— To do —
Every record should be restated exactly, with no images included.

— Records provided —
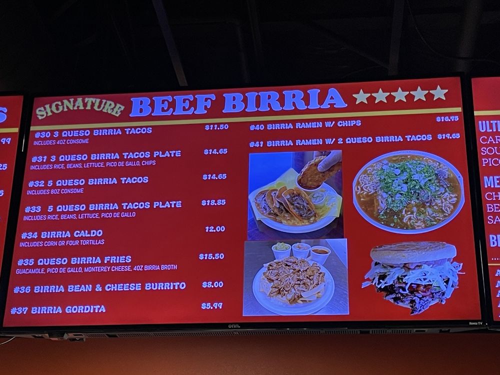 12 QUESO BIRRIA TACOS2 32OZ BIRRIA RAMEN1 BAG OF CHIPS5 MD COKE SODAONIONS, CILANTRO, SALSA LIMES
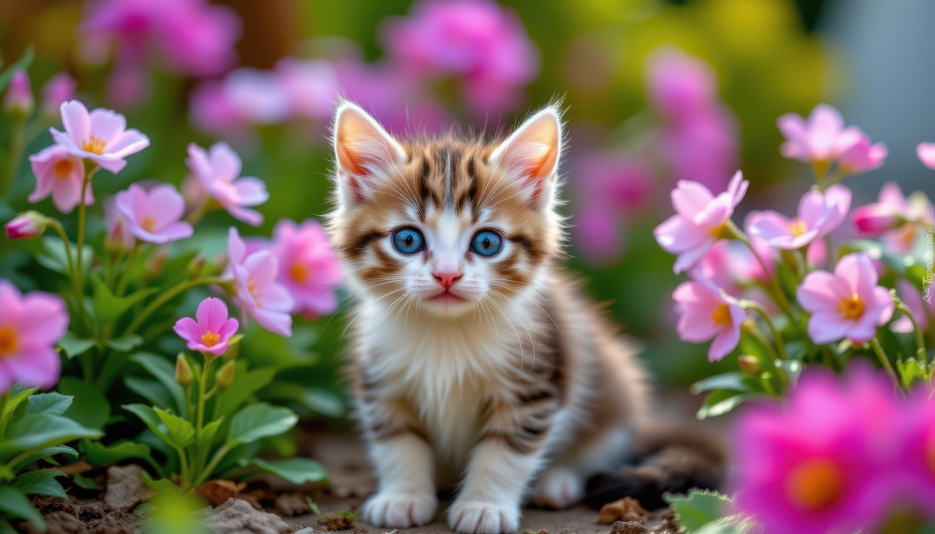 Edytor tapety: Mały kotek wśród różowych kwiatów
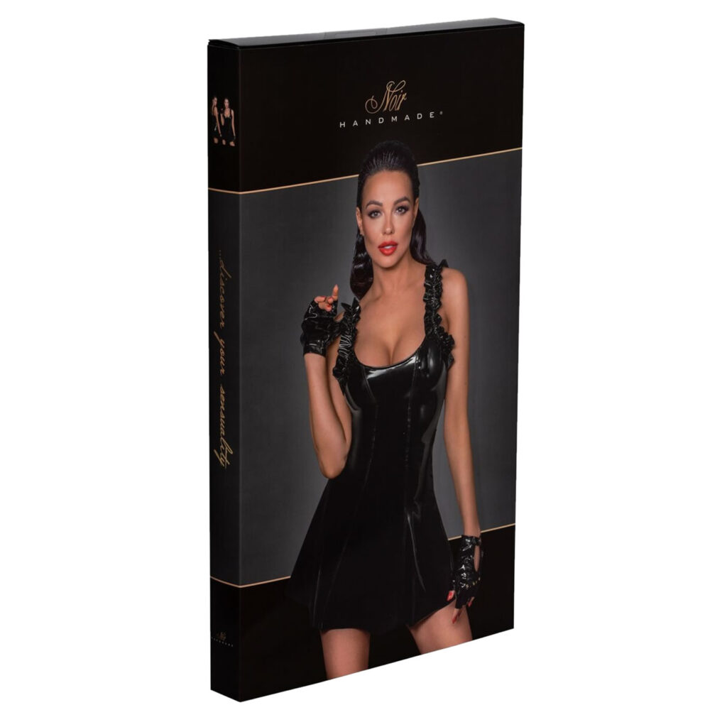 Skinnende sort vinyl kysser søde flæser – sikke en provokerende kontrast. Ligesom den figursyede top og det svungne skørt. Alt i alt en forførende lille kjole til mange lejligheder! Og nem og hurtig at tage af og på takket være den praktiske lynlås bagpå. · Snit og materiale: Kort kjole med sort lakglans og flæsestropper. Figursyet snit med let udsvunget skørt. Gennemgående 2-vejs lynlås på ryggen.77% polyester, 23% elastan, polymerbelægning.· Med elastan: denne minikjole ser ikke kun uimodståelig ud, men giver også en sikker pasform og maksimal komfort.· Leveringsomfang: 1 x vinylkjole fra Noir. OBS: Denne vare er mindre end normalt – se venligst den separate Noir-størrelsestabel!
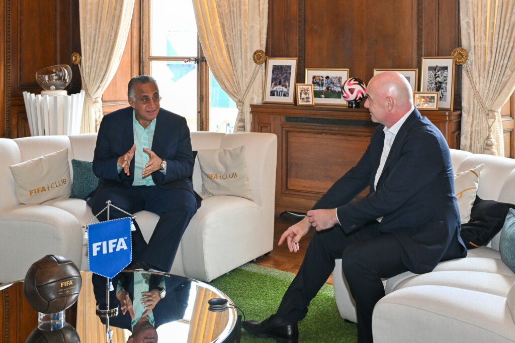 PARIS, FRANCE – AUGUST 07: FIFA President Gianni Infantino speaks with President of Dominican Republic Olympic Committee Luis Mejia Oviedo during a meeting with the President of Dominican Republic Olympic Committee at FIFA’s Paris office on August 07, 2024 in Paris, France. (Photo by Harold Cunningham/FIFA)
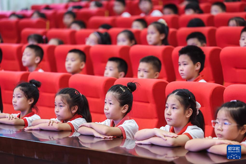 9月4日,北京師范大學(xué)南湖附屬學(xué)校的學(xué)生們在學(xué)校大講堂參加開學(xué)第一課《紅船精神》。(新華社記者 徐昱 攝)
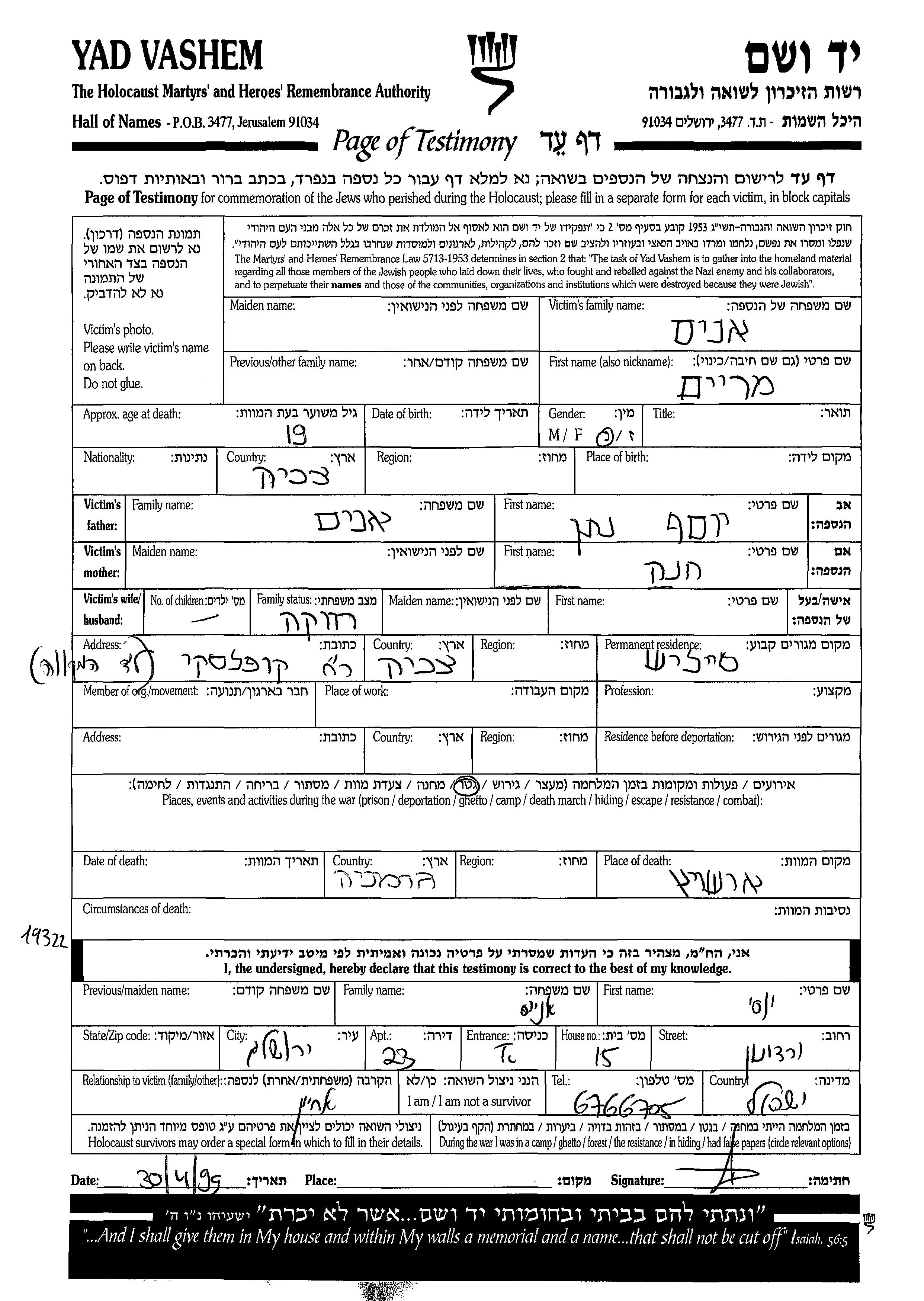 Miriam Anis, geb. Anis wurde in Tschechoslowakei geboren. Sie war die Tochter von Yosef Natan und Khana. Sie war Ledig. Vor dem Zweiten Weltkrieg lebte sie in Szollos, Tschechoslowakei.

— Response to this task —
 12 QUESO BIRRIA TACOS2 32OZ BIRRIA RAMEN1 BAG OF CHIPS5 MD COKE SODAONIONS, CILANTRO, SALSA LIMES
 Edytor tapety: Mały kotek wśród różowych kwiatów
 Skinnende sort vinyl kysser søde flæser – sikke en provokerende kontrast. Ligesom den figursyede top og det svungne skørt. Alt i alt en forførende lille kjole til mange lejligheder! Og nem og hurtig at tage af og på takket være den praktiske lynlås bagpå. · Snit og materiale: Kort kjole med sort lakglans og flæsestropper. Figursyet snit med let udsvunget skørt. Gennemgående 2-vejs lynlås på ryggen.77% polyester, 23% elastan, polymerbelægning.· Med elastan: denne minikjole ser ikke kun uimodståelig ud, men giver også en sikker pasform og maksimal komfort.· Leveringsomfang: 1 x vinylkjole fra Noir. OBS: Denne vare er mindre end normalt – se venligst den separate Noir-størrelsestabel!
 PARIS, FRANCE – AUGUST 07: FIFA President Gianni Infantino speaks with President of Dominican Republic Olympic Committee Luis Mejia Oviedo during a meeting with the President of Dominican Republic Olympic Committee at FIFA’s Paris office on August 07, 2024 in Paris, France. (Photo by Harold Cunningham/FIFA)
 9月4日,北京師范大學(xué)南湖附屬學(xué)校的學(xué)生們在學(xué)校大講堂參加開學(xué)第一課《紅船精神》。(新華社記者 徐昱 攝)
 Miriam Anis, geb. Anis wurde in Tschechoslowakei geboren. Sie war die Tochter von Yosef Natan und Khana. Sie war Ledig. Vor dem Zweiten Weltkrieg lebte sie in Szollos, Tschechoslowakei.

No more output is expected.